Another hard-working man of the same class is Sir E. Bulwer Lytton. Few writers have done more, or achieved higher distinction in various walks—as a novelist, poet, dramatist, historian, essayist, orator, and politician. He has worked his way step by step, disdainful of ease, and animated throughout by the ardent desire to excel. On the score of mere industry, there are few living English writers who have written so much, and none that have produced so much of high quality. The industry of Bulwer is entitled to all the greater praise that it has been entirely self-imposed. To hunt, and shoot, and live at ease—to frequent the clubs and enjoy the opera, with the variety of London visiting and sight-seeing during the “season,” and then off to the country mansion, with its well-stocked preserves, and its thousand delightful out-door pleasures—to travel abroad, to Paris, Vienna, or Rome—all this is excessively attractive to a lover of pleasure and a man of fortune, and by no means calculated to make him voluntarily undertake continuous labour of any kind. Yet these pleasures, all within his reach, Bulwer must, as compared with men born to similar estate, have denied himself in assuming the position and pursuing the career of a literary man. Like Byron, his first effort was poetical (‘Weeds and Wild Flowers’), and a failure. His second was a novel (‘Falkland’), and it proved a failure too. A man of weaker nerve would have dropped authorship; but Bulwer had pluck and perseverance; and he worked on, determined to succeed. He was incessantly industrious, read extensively, and from failure went courageously onwards to success. ‘Pelham’ followed ‘Falkland’ within a year, and the remainder of Bulwer’s literary life, now extending over a period of thirty years, has been a succession of triumphs.

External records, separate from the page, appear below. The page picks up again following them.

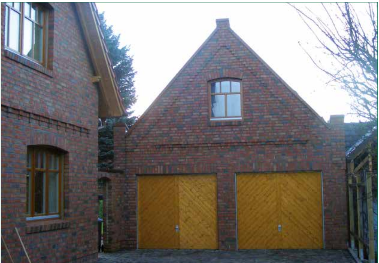
DER SPIEKER-Nebengebäude BS-G4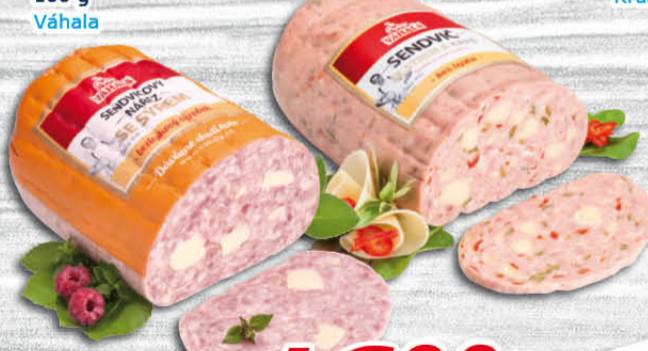
Sendvičový nářez se sýrem, Sendvič se sýrem a kápií 100 g Váhala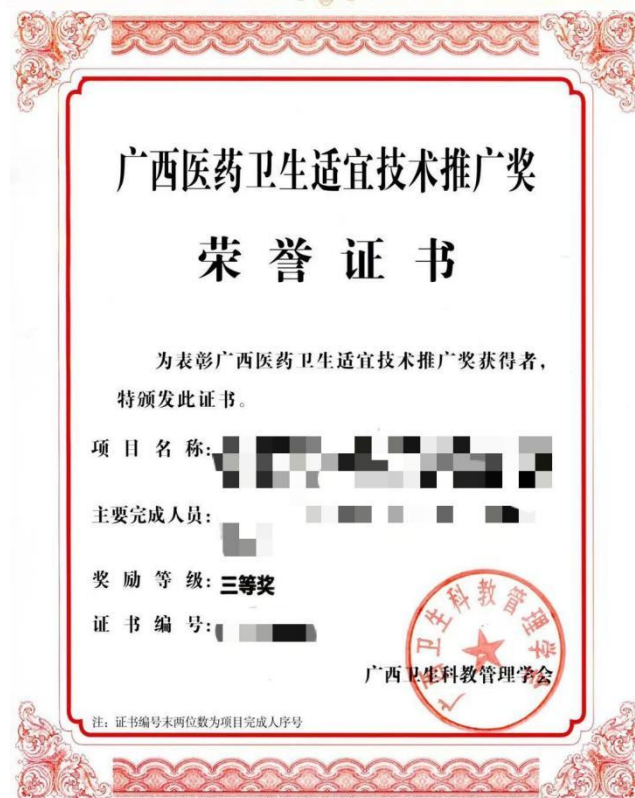
科技成果奖励证书（省部级以上）样式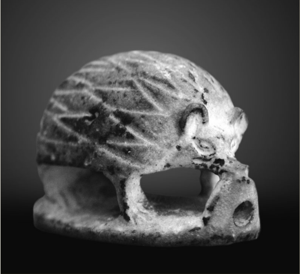
Egyptisk figurin i täljsten och emalj från perioden 1069–664 före vår tideräknings början (Musée d'Art et d'Histoire de Genève/nr A 2004-0072).

dem åter isär. Det avstånd de slutligen finner, på vilket samexistens är möjlig, är artigheten och konvensansen. Till dem som inte håller detta avstånd, ropar man i England: keep your distance! – Därigenom blir behovet av ömsesidig värme endast ofullständigt tillfredsställt, men man undgår att bli stungen av taggarna. – Men de, som har egen värme i rikt mått, föredrar att hålla sig borta från gemenskapen för att undgå givandet och tagandet av klagomål. 3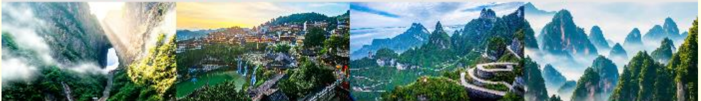
ประตูลั่วสวรงค์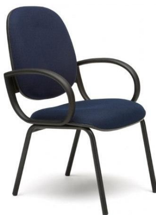
Imagem meramente ilustrativa para referência de design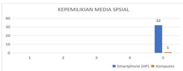
Gambar 1. Diagram Kepemilikan Media Sosial

Semua informan secara keseluruhan memiliki smartphone yakni 32 informan menyatakan menggunakan Handphone (HP) dalam menggunakan media sosial, sedang yang menggunakan Laptop maupun personal komputer 1 responden, dapat dilihat pada diagram.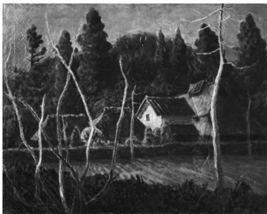
玉之内満雄 (早春) [日高] 1948年 油彩・キャンバス 72.6×91.0cm

●紙上展ミニ解説 『今月の一点』 寺井力三郎 《IMAGINE》 今回も紙上展覧会より寺井力三郎の《IMAGINE》と題された作品を紹介する。 絵のモチーフとなっているのは、JRさいたま新都心駅前にあった「ジョン・レノン・ミュージアム」である。2000年にジョン・レノンを記念する世界初の常設ミュージアムとして「さいたまスーパーアリーナ」に開館し、ライセンス契約満了を以て10年後に閉館した。本作では同館のエントランスに掲げられた世界的な音楽家であるジョン・レノンの大きな肖像写真をメインに描かれており、開館から7年を経て街を象徴する施設となった同館の存在感を伝えている。 点描技法による寺井独特の淡く臍気な絵画世界は、私たちの記憶の曖昧さとも相俟って、心地よく移ろいゆく時代への懐かしさと空しさを感ぜさせてくれる。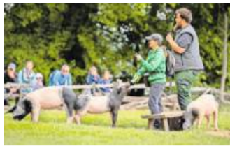
Auch (ehemalige) Haustiere gehören dazu.

Bad Mergentheim. Einer der artenreichsten Wildparks in Europa bietet auch in den Ferien ein abwechslungsreiches Programm für Jung und Alt sowie für die gesamte Familie. Über 70 Tierarten „sehen und erleben“ in naturnah gestalteten Freisichtanlagen heißt es auf mehr als 50 Hektar Fläche. Hier gibt es kaum Maschendraht, Käfige und Gitter – fast alle Gehege sind für eine freie Sicht mit kaum wahrnehmbaren Begrenzungen erbaut. Die Tiere können daher in ihrer natürlichen oder naturnahen Umgebung besonders gut beobachtet werden – man hat den ganzen Tag Zeit und die Aufenthaltsdauer wird nur durch die Öffnungszeiten begrenzt.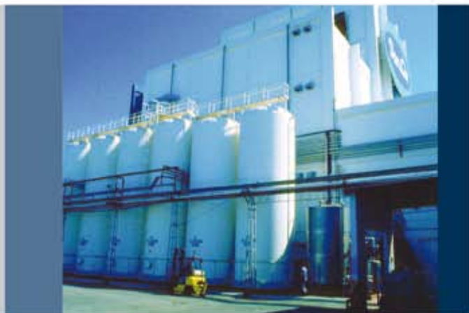
Tanques para condensado de 150 m 3 de capacidad 150 m 3 condensation tanks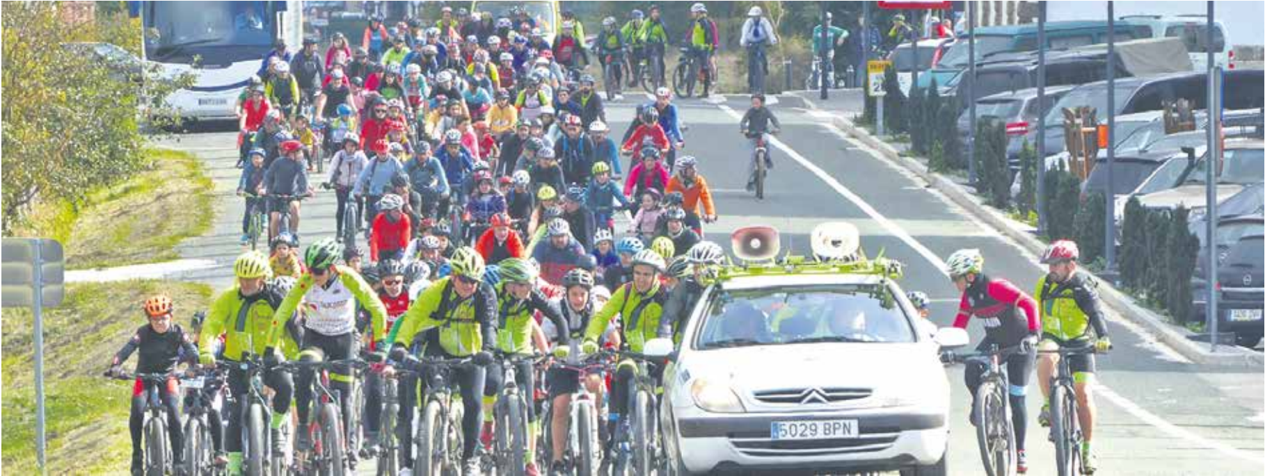
Sakanako Bizikleta Eguneko parte hartzaileak, Urdiainen azken txanpari ekiteko prest. Aurrean, Barranka, Burunda eta Aralar Txirringularitza taldekoak.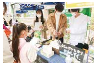
R3年度新潟県若手人材等による 地域課題解決提案事業(専修大学森本ゼミ)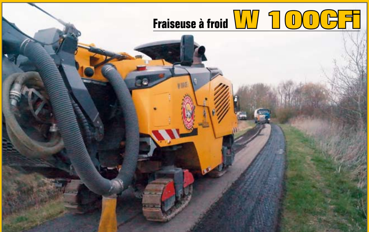
Fraiseuse à froid W 100CFi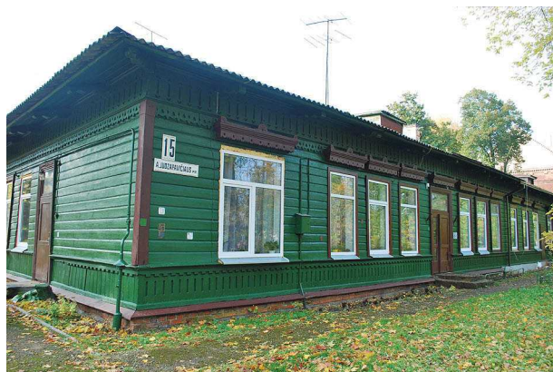
7 pav. Puskarininkių namas Šančiuose, Juozapavičiaus pr. 15 Fig. 7. Warrant-officer house in Šančiai, Juozapavičiaus pr. 15

Tarpukariu suklestėjo Panemunės kurortas, čia pastatyta išraiškingų medinių vilų, jos beveik visos išlikusios. Tik architekto S. Kudoko projektuotas me-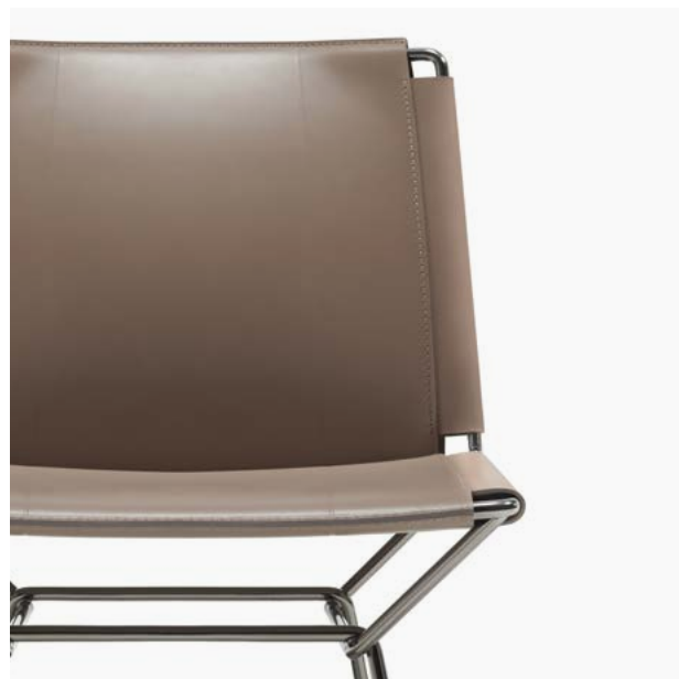
29 Tortora / Turtledove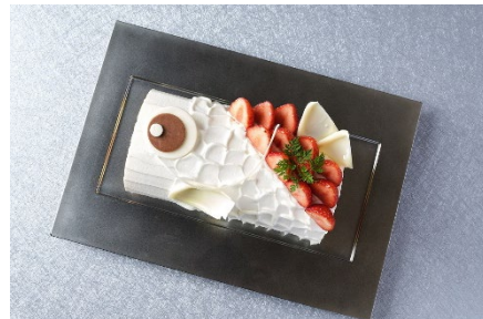
「鯉のぼり」をモチーフにしたロールケーキをご用意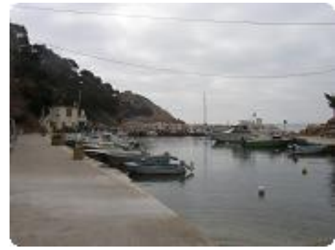
[3] Le port.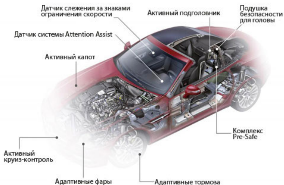
Рис. 3.1. Деякі елементи безпеки автомобіля

Внутрішню пасивну безпеку забезпечують елементи, що передбачають зниження інерційних перевантажень у процесі удару, обмеження переміщення людей у салоні, відсутність травмонебезпечних деталей, закріплення багажу й інструмента. До неї відносять форму кузова, наявність бамперів, ремнів безпеки, пневматичних подушок, підголовники, травмонебезпечні рульові колонки, скло, і всі елементи салону.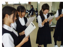
ハモりん♪ (練習風景)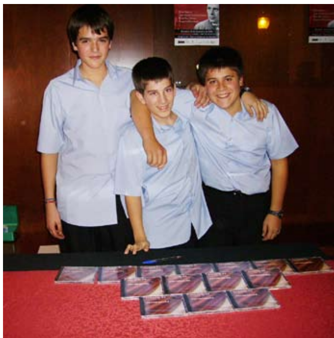
A l'entrada del Teatre ja es podia adquirir el disc de la Patinjanjàs

Durant l'acte es va anar projectant un audiovisual. La part final de l'espectacle va ser un passi d'imatges del mestre Roure acompanyades d'una emotiva banda sonora i unes paraules de comiat final que van tornar a fer esclatar d'aplaudiments tota la sala.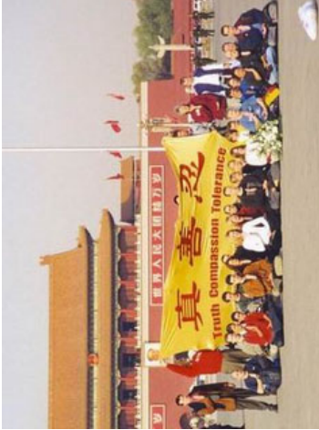
“风雨天地行”之“同心” 28

公元2001年1月23日一场发生在天安门广场的自焚之火，经过中国媒体的反复渲染迅速传遍全世界，其效果和罗马古城大火惊人的相似。自焚者被一口咬定为法轮功学员。声情并茂的揭批中，要刻意煽动的是对法轮功的仇恨。也许中央电视台的运气特别好，获得了难得的近距离拍摄“机会”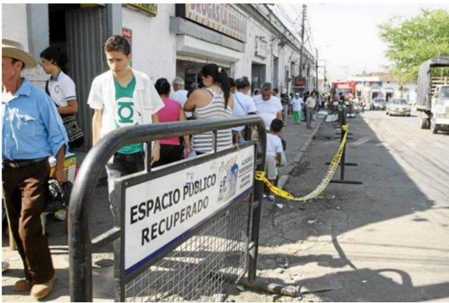
Ilustración 7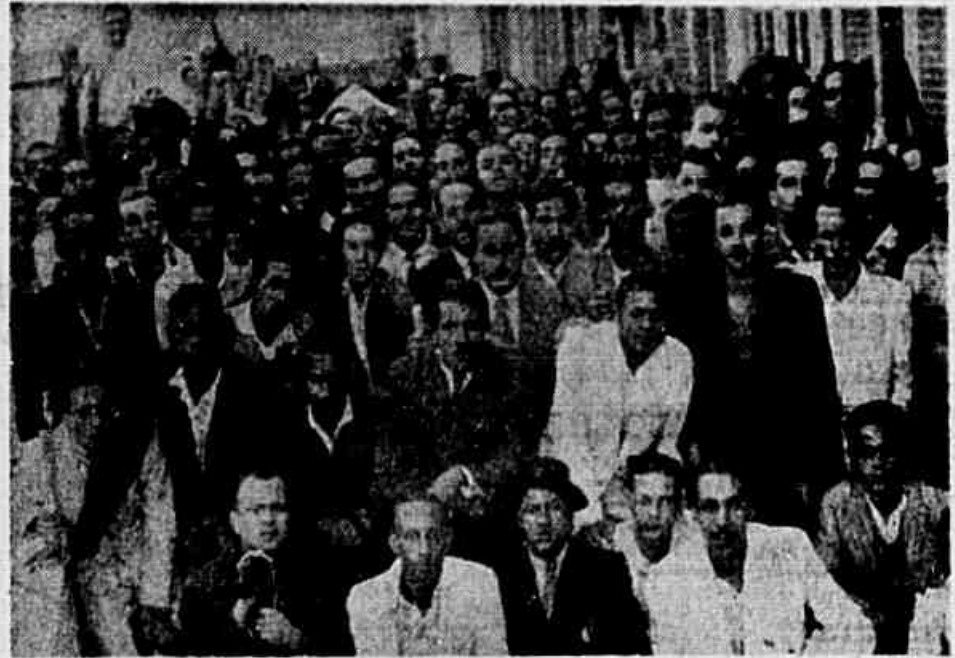
Vieram os metalúrgicos à nossa redação e aqui falaram aos redatores da "Tribuna Popular". Depois dirigiram-se em massa ao sindicato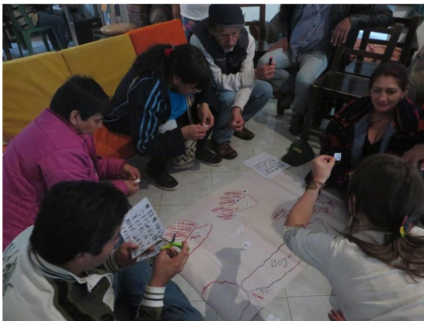
Imagen 5 Ejercicio mapeo colectivo, en el marco del encuentro de la red raíces. (Asociación Herrea, 2017)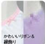
かわいらしいポン & 縁飾り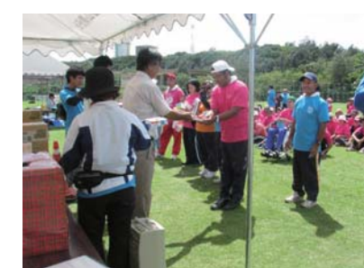
裕斗さんおめでとう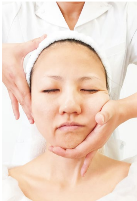
確かな成果と即効性でリピーターが絶えない同サロンのイチオシメニュー。大好評につき、1ヶ月前の予約がオススメ。

たるんでいく頬、深くなるしわやほうれい線……。年を重ねると、だれしも「10年前に戻れたら」と思うはず。そんな大人女性に試してほしいのが、グランモア

Mr. Disraeli affords a similar instance of the power of industry and application in working out an eminent public career. His first achievements were, like Bulwer’s, in literature; and he reached success only through a succession of failures. His ‘Wondrous Tale of Alroy’ and ‘Revolutionary Epic’ were laughed at, and regarded as indications of literary lunacy. But he worked on in other directions, and his ‘Coningsby,’ ‘Sybil,’ and ‘Tancred,’ proved the sterling stuff of which he was made. As an orator too, his first appearance in the House of Commons was a failure. It was spoken of as “more screaming than an Adelphi farce.” Though composed in a grand and ambitious strain, every sentence was hailed with “loud laughter.” ‘Hamlet’ played as a comedy were nothing to it. But he concluded with a sentence which embodied a prophecy. Writhing under the laughter with which his studied eloquence had been received, he exclaimed, “I have begun several times many things, and have succeeded in them at last. I shall sit down now, but the time will come when you will hear me.” The time did come; and how Disraeli succeeded in at length commanding the attention of the first assembly of gentlemen in the world, affords a striking illustration of what energy and determination will do; for Disraeli earned his position by dint of patient industry. He did not, as many young men do, having once failed, retire dejected, to mope and whine in a corner, but diligently set himself to work. He carefully unlearnt his faults, studied the character of his audience, practised sedulously the art of speech, and industriously filled his mind with the elements of parliamentary knowledge. He worked patiently for success; and it came, but slowly: then the House laughed with him, instead of at him. The recollection of his early failure was effaced, and by general consent he was at length admitted to be one of the most finished and effective of parliamentary speakers.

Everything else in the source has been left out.